I haven't used my 12" Paraclipse satellite dish in years. The limit switch was out of wack and wasn't sure if it was worth the trouble to still use, with the addition of DirecTV to my household.
Do people still use C Band, is it still worthwhile to have, wild feeds still avaiable?
I was wondering if its worth the money to get it fixed?


----------



## lee635

There is some c band still out there, check www.lyngsat.com. You will likely want to get a digital converter as many channels are digital. You can then get the digital free-to-air channels. There is an "over the air forum" here that focuses on this stuff.


----------



## JimmyKat

Thank You for the info!


----------



## PrinceLH

JimmyKat said:


> Thank You for the info!


There is a good number of stations on C/Ku band, in the clear. Make sure you get a good free to air receiver that does DVB S2.


----------



## Dude111

lee635 said:


> There is some c band still out there, check www.lyngsat.com. You will likely want to get a digital converter as many channels are digital.

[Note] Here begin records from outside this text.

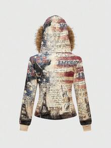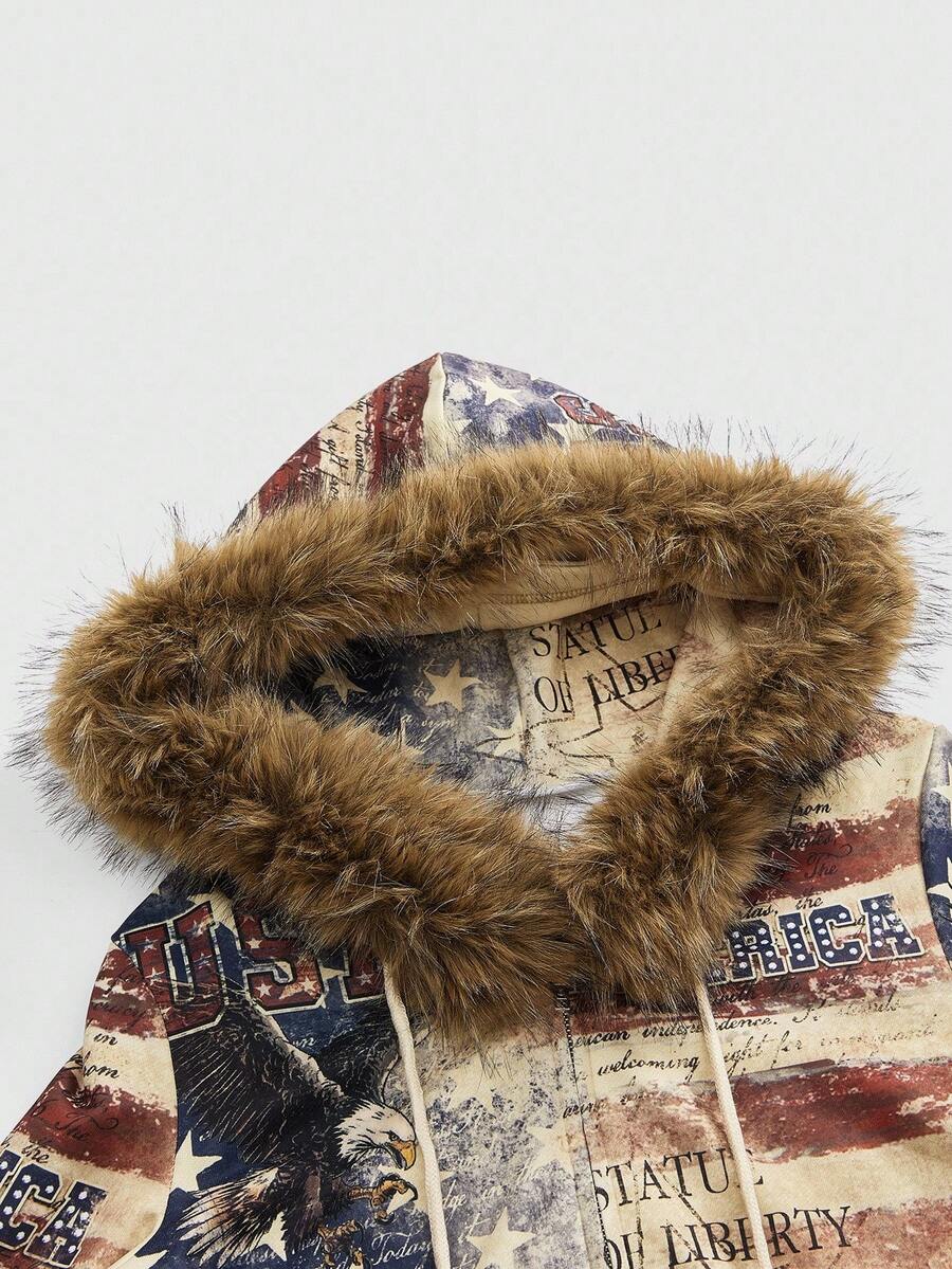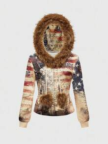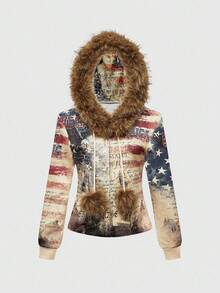 ROMWE Avant بلوزة هودي مطبوعة بنسر وعلم أمريكي مقاس كبير لموضة الشارع Y2K للنساء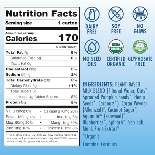 Specification: Chocolate Kiki Milk, Organic, Plant Based, Gum Free, GMO Free, Dairy Free, Soy Free, Gluten Free, Glyphosate Free (8 oz • Pack of 12)
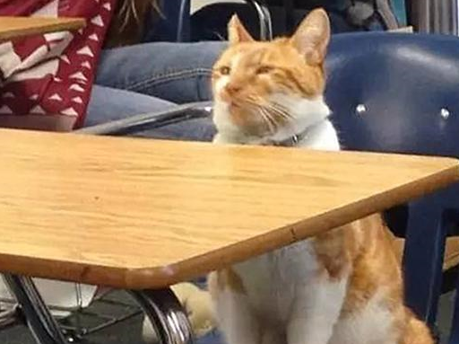 在国外的一所大学,流浪的橘猫每天都会混进教室,并且一本正经的听课,大家都说橘猫成为了一只名副其实的”学霸“猫。就是因为橘猫每天进出教室,看到大家都有学生证它的内心也是哭诉:”我橘猫乞求有姓名“于是它拥有了一张学生证!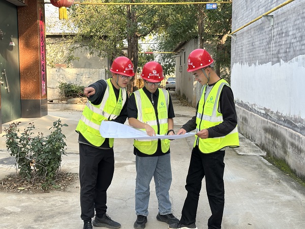 因地下管線復雜,施工中,難免會出現挖斷地下管道的情況,如果被挖斷的管道不能及時得到修復,會影響村民用水。為最大限度減輕施工對村民生活的影響,項目部做實做細施工前的準備工作,先聯系熟悉原敷設管道的村民,摸清摸透地下管道具體位置后再開挖,如遇敷設管線較多的部位,安排技術嫻熟的師傅人工挖掘安裝管道,同時安排人員準備好搶修的材料管件,一旦挖斷管道,立即現場搶修。在同一現場施工的其它單位幾乎每天都有因耽誤村民用水被投訴的情況,元氏管網項目施工的標段很少發生?!肮軠贤诘蒙?、回填干得快,而且,很少耽誤俺們用水?!北O理單位到現場檢查時聽到老百姓對元氏管網項目部如此評價。甲方也經常在微信工作群夸贊該項目部施工的標段是“放心工地”。

I dont understand this....

C-Band IS A DIGITAL NETWORK Like DirecTV right??

So how can some channels carried by them NOT BE DIGITAL?? (Everything that gets carried by C-BAND is digital)


----------



## CCarncross

Dude111 said:


> I dont understand this....
> 
> C-Band IS A DIGITAL NETWORK Like DirecTV right??
> 
> So how can some channels carried by them NOT BE DIGITAL?? (Everything that gets carried by C-BAND is digital)


C-band just really refers to the transmission frequency band where it resides. In the old days, C-band was all analog. Here is a list of whats available on C-Band according to wiki including a list of available channels.

http://en.wikipedia.org/wiki/C_band


----------



## SayWhat?

'Our'?

I don't know about yours, but I don't have one.


----------



## CCarncross

SayWhat? said:


> 'Our'?
> 
> I don't know about yours, but I don't have one.


I'm pretty sure he meant "Are". Threw me the 1st read as well...but hey, he's still got a BUD in his yard...so he may be a little behind the times.


----------



## PrinceLH

Dude111 said:


> I dont understand this....
> 
> C-Band IS A DIGITAL NETWORK Like DirecTV right??
> 
> So how can some channels carried by them NOT BE DIGITAL?? (Everything that gets carried by C-BAND is digital)


Not at all. It's where studio's uplink to the network affiliates and where the network affiliates get their programming. There's many feeds from the Networks, often commercial free. There are subscription services for C Band, if you have a Digicypher 2 satellite box, but the free stuff is intriguing.


----------



## P Smith

I recall seen a few analog channels on C-band last years ...


----------



## kenglish

Just go look around on Lyngsat, and you'll get the idea.
It takes some playing on there to figure out how everything works, but they give lots of good info.


----------



## Dude111

PrinceLH said:


> Not at all. It's where studio's uplink to the network affiliates and where the network affiliates get their programming. There's many feeds from the Networks, often commercial free. There are subscription services for C Band, if you have a Digicypher 2 satellite box, but the free stuff is intriguing.


Thank you to you and the guy above you that explainded it to me.. (CCarncross)

C-BAND is not a company like DTV,DISH,TIME WARNER,etc -- Its just the band where these stations transmit from....... (Im sorry i didnt realise this,i guess i havent ever really looked into C-BAND too much,i should have realised)


----------